Comparison with SQL
Conceptually, many of the terms already familiar from relational databases can be mapped onto equivalents in the NoSQL world. The following table illustrates this using the terminology employed by MongoDB, a document store.
|SQL terminology||MongoDB terminology|
|table joins||embedded documents and linking|
|primary key||primary key|
Most NoSQL databases claim to have better performance than traditional relational systems. It is important to approach this sort of claim critically, however. NoSQL databases are designed to solve certain types of data management problem, and it is on those specific problems where performance tends to be the best. Simple inserts or updates based on the primary key, for example, tend to be very fast, but the traditional SQL approach performs better when more complex processing is required, or when accessing data based on non-key attributes.
The graphs below illustrate some of the performance differences observed between Microsoft SQL Server and MongoDB in a recent study (Parker et al, 2013). In their tests, the authors performed equivalent operations on the two databases on datasets of different sizes as shown in the following table..
Figs. 1 and 2 show the superior performance of MongDB for update operations that rely on key field, and the poorer performance when updates reply on a non-key field to locate documents/records. This difference in performance can be explained with reference to the design of the MongoDB data objects: key fields are indexed for fast searching, but because the document is unstructured, other attributes may or may not be present. This entails a lot of processing overhead for checking each document for the required value. In relational databases, however, the regular structure of each record support ad-hoc queries much better.
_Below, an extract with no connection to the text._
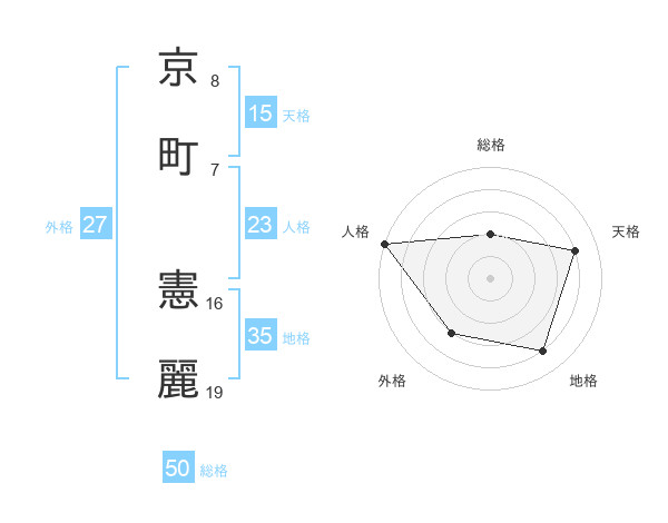 京町 憲麗さんを姓名の画数から五運を鑑定
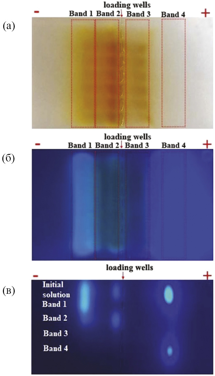 Рис. 3. Электрофоретическое разделение продукта гидротермальной обработки смеси лимонной кислоты с этилендиамином, визуализация в естественном свете (а) и при освещении ультрафиолетовой лампой (б, в): хроматограммы исходной смеси с обозначенными полосами, содержащими различные продукты (а, б) и исходной смеси и выделенных фракций (в). Воспроизведено из [47]

Figs. 3 and 4 show the fast response of MongoDB to simple queries, but the superior performance of SQL on complex queries including aggregate functions. One reason for the good performance of MongoDB in the simple case is that it holds the whole dataset in memory whereas SQL will almost always have to retrieve data from disk. These experiments were conducted on small datasets which could fit easily into memory; to get a complete picture of the relative performance of the two platforms, similar tests would need to be done on datasets too large to fit into memory. In that situation MongoDB would also need to fetch data from disk and the performance might be more similar (Honours project, anyone?).
An obvious explanation for the good performance of SQL on aggregate functions is that relational database are designed for this type of operation while NoSQL databases are not. MongoDB includes the MapReduce operation, but it is slow in comparison to the optimised architecture of a relational database, and typically aggregate calculations would need to be done in application code.
Another point to remember when looking at results like this is that it is dangerous to draw general conculsions from one set of tests. The test conditions - including choice of database platforms, nature of the datasets, choice of operations, etc. - all have an effect on the results. It is not possible to say from these results that NoSQL database perform better than relational databases in generqal; it is not even possible to say that MongoDB performs better than SQL Server. A different set of tests would almost certainly show other disparities between the two. All we can say is that under certain circumstances, one platform will outperform the other and that care needs to be taken in the early stages of a development project to select the most appropriate database for the application.